What is the best way to sample?

S

seowin5552015-11-26 18:49:46

PHP

seowin555, 2015-11-26 18:49:46

The task is as follows - you need to generate a large number (about 1 million) html files on the fly as quickly and safely as possible in terms of load and save them to disk.
Files are generated based on a template and lines of text. 30-50 lines per file.
Question: where is it better to select these rows (possibly consecutive ones) from the database or from a txt file so that the sampling and generation speed is the highest and the server does not fall from the load?
At generation of each file - there is a new selection of these 30-50 lines.

Reply

Answer the question

In order to leave comments, you need to log in

4 answer(s)

R

romy4, 2015-11-26
@romy4

1 million files is already bad.
a) you will heavily load the file system if you distribute them incorrectly. For example, putting more than 4k files in one directory kills performance.
b) You will exhaust all inodes and everything will stop.
Store them in some nosql or in the same favorite database.

D

Dmitry Belyaev, 2015-11-26
@bingo347

If the selection of rows follows some criterion from the general list, then it is definitely a database, if it is just a different set of rows for each page, then you can pull it from the file (provided that each page has its own file - it will be faster
) , you have php in the tag, probably not the best solution, if you need really fast, look towards something with asynchronous IO (for example node.js or go) this will allow processing not to wait for saving data to disk and getting data from the database

A

Alexander Melnichenko, 2015-11-26
@alex87melnichenko

If I understand correctly, then the situation is as follows:
you want to create about a million files each with 30-50 lines.
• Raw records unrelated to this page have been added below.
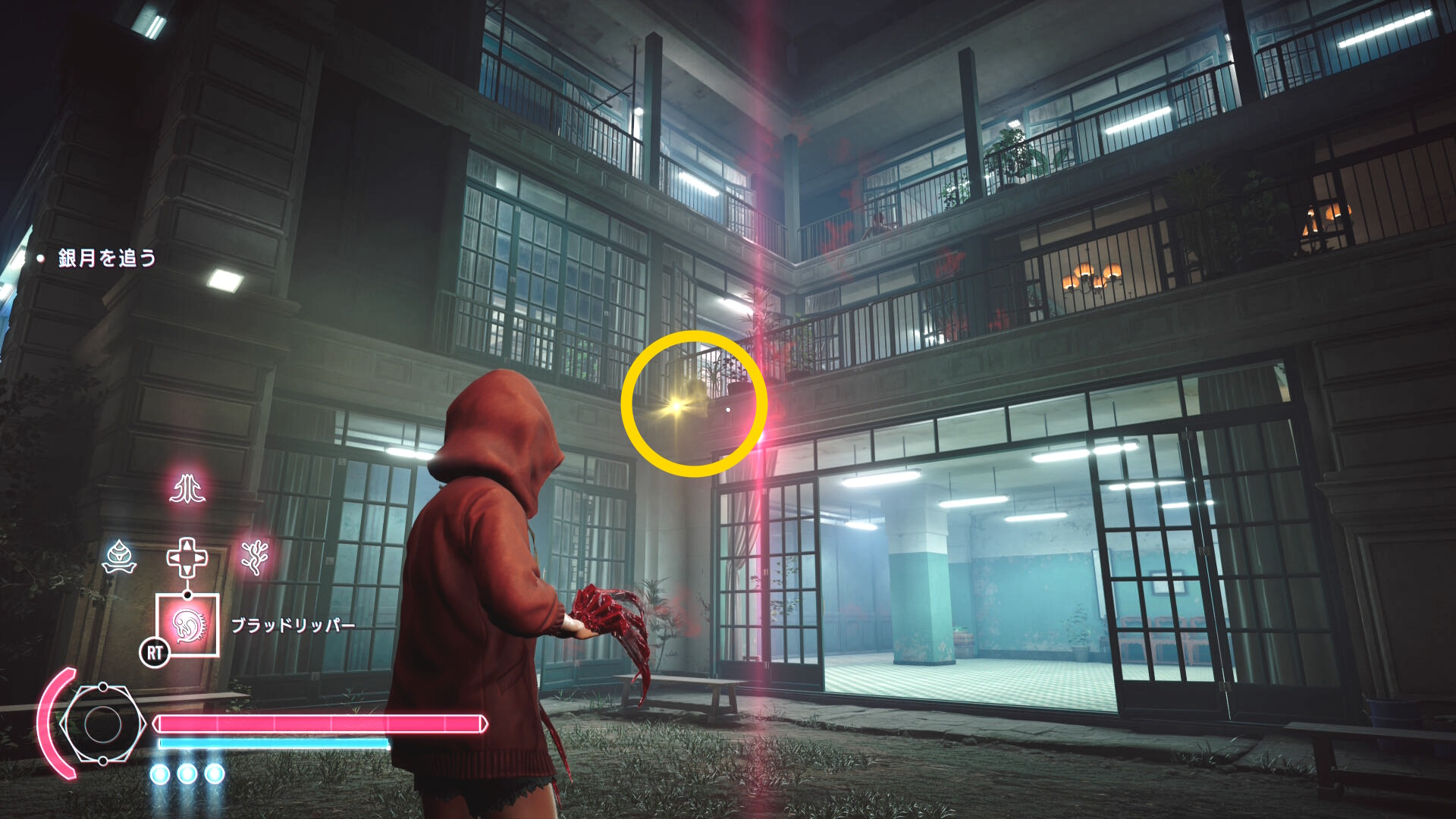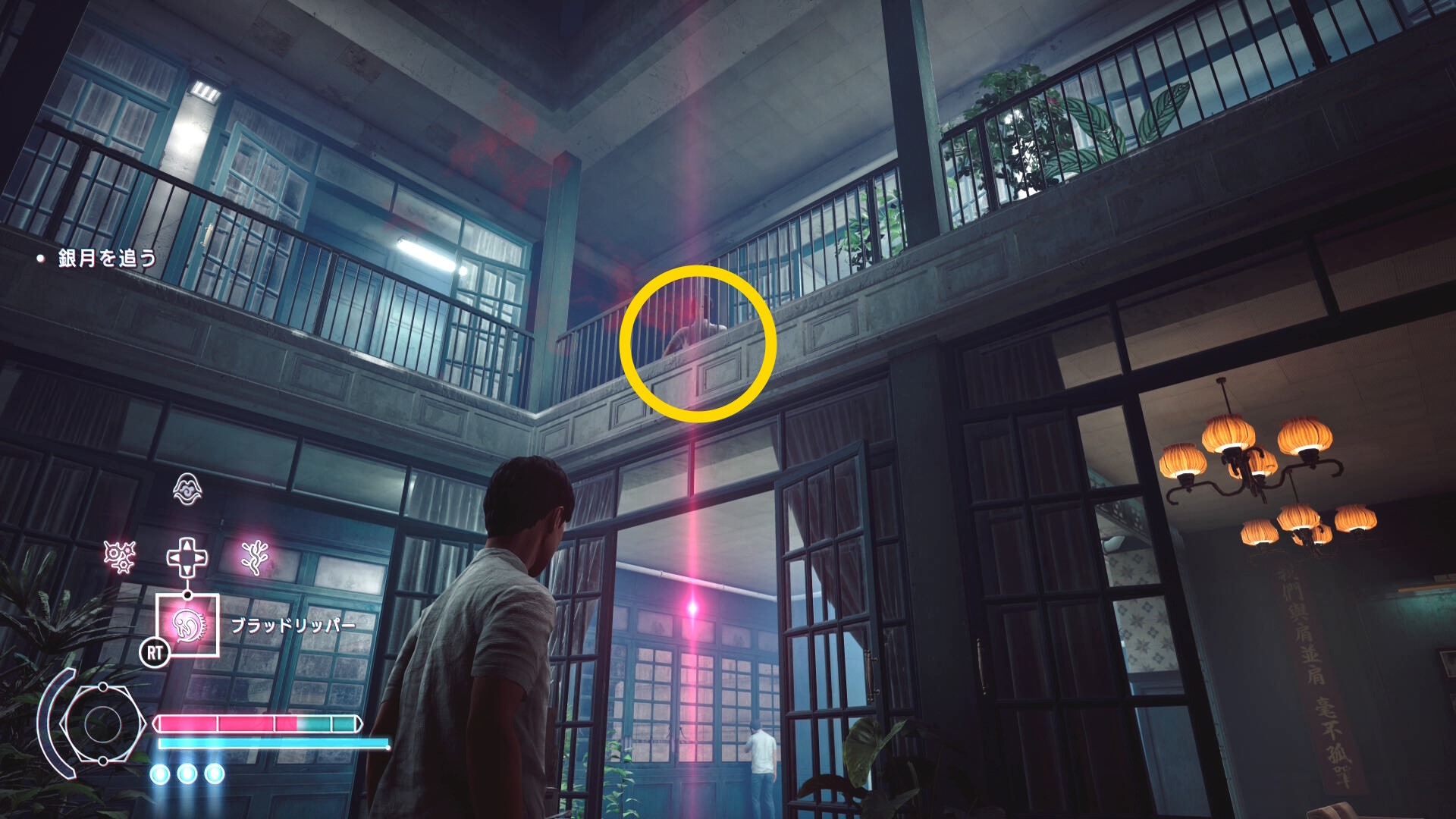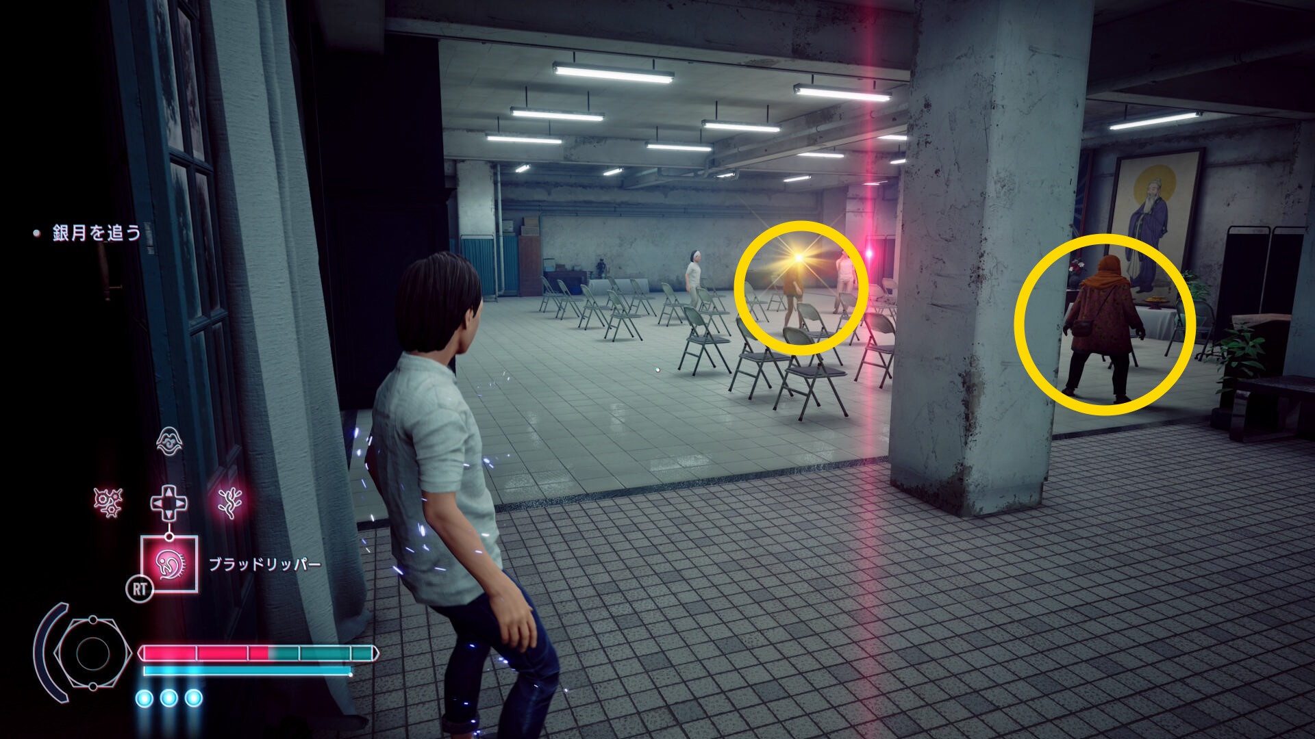 • 憑依モードを発動し、2階は無視して3階のベランダに上昇し、そこにいる信者に憑依してもオーケー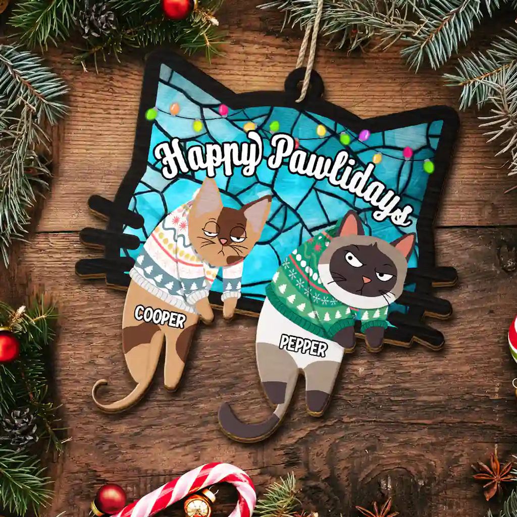 Celebrate the holidays with the Hanging Cats Meowy Catmas - Personalized Wooden Cutout Ornament, the perfect Gift For Pet Lovers, Pet Mom, Pet Dad, Cat Lovers, Cat Mom, Cat Dad on Mother's Day, Father's Day, Thanksgiving, Christmas, birthdays, and anniversaries. This ornament is a great way to add a personal touch to your holiday decorations, showcasing your love for your furry friends.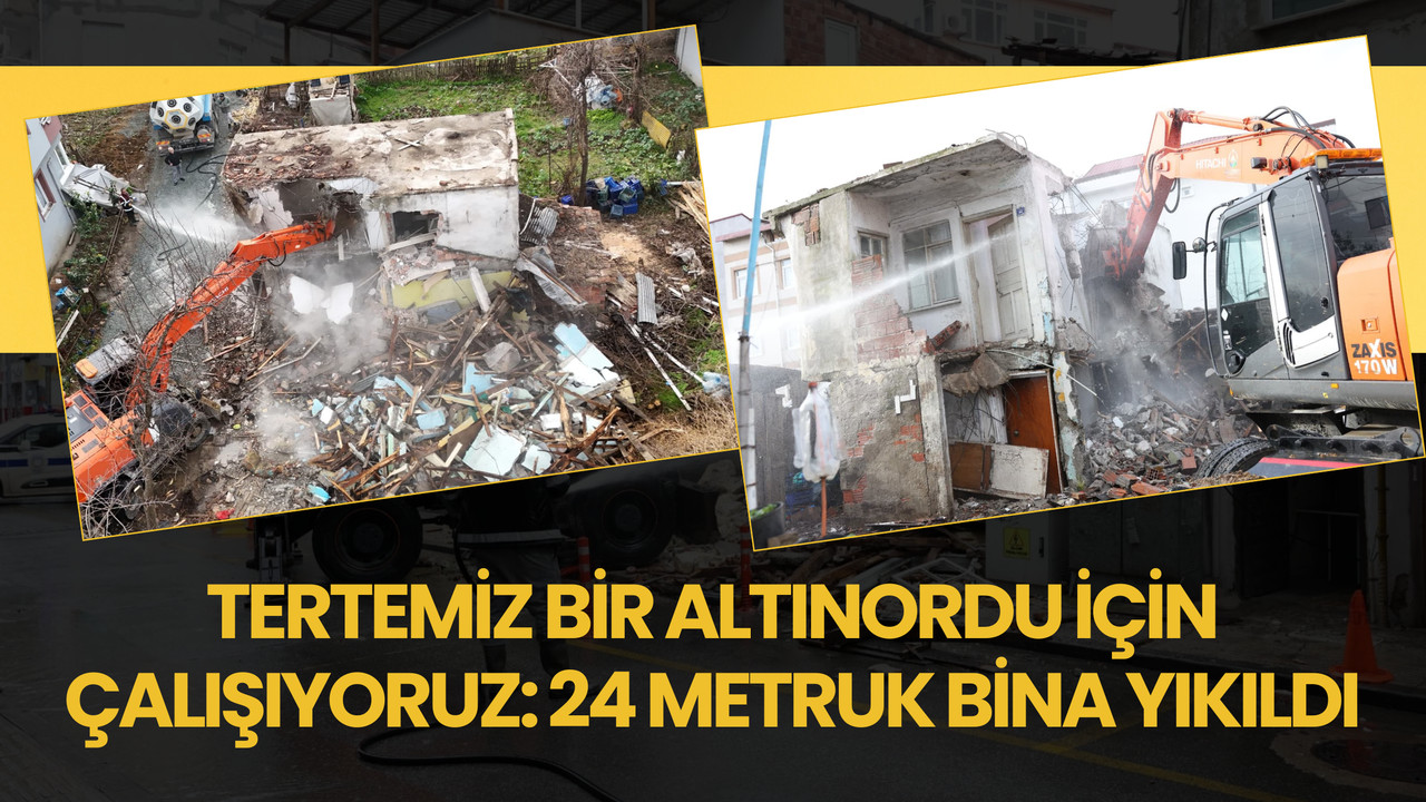 Kent estetiğini bozan ve halk güvenliğini tehdit eden metruk yapılarla mücadelesini aralıksız bir şekilde sürdüren Altınordu Belediyesi, uzun yıllardır boş olan 5 mahalledeki 6 metruk binanın daha yıkımını gerçekleştirdi. Bugüne kadar kent genelinde yıkımı gerçekleştirilen metruk bina sayısı son yıkımlarla birlikte 24’e yükseldi.

If you shove a record from the database into a file, then it turns out you need a million queries to the database. If you immediately pull them out with one sample, then this is also not an option.
From so many requests, the database will simply fall down
. It's better to keep it all in a file and read it line by line.

S

seowin555, 2015-11-26
@seowin555

The lines are completely random. The only requirement is that lines within the same file should not be repeated. May be repeated within different files.
Base or file one / one (not for each page its own)
------------
udp
In general, the task now is more reduced to how to speed up the generation process.
I realized that creating 100500 html files on the server is not a good idea, I decided that it would be better to put everything in a SQLLite database. And then generate the page on the fly based on the template.
In general, the purpose of all this is to generate pages for sites. Those. each site will have 250k - 1k pages.
The question arises how to speed up the process of writing to the SQLLite database (each site has its own database) and not put down the server if we generate, say, 50 sites at a time.
As I assume, it will take a very long time to write to the lightbase for each site in turn.
Those. the following scheme is obtained:
There is a SQL database running MySQL. It contains several tables. Each table has 1kk-3kk rows.
It is necessary to generate 50 sites at a time, each site has 250k - 1 kk pages.
For each page, a selection is made from several tables in the SQL database, the text is processed and written to the SQlLite database of each site.
What is the best way to optimize this whole thing so that the speed is as high as possible, and at the same time the server does not crash?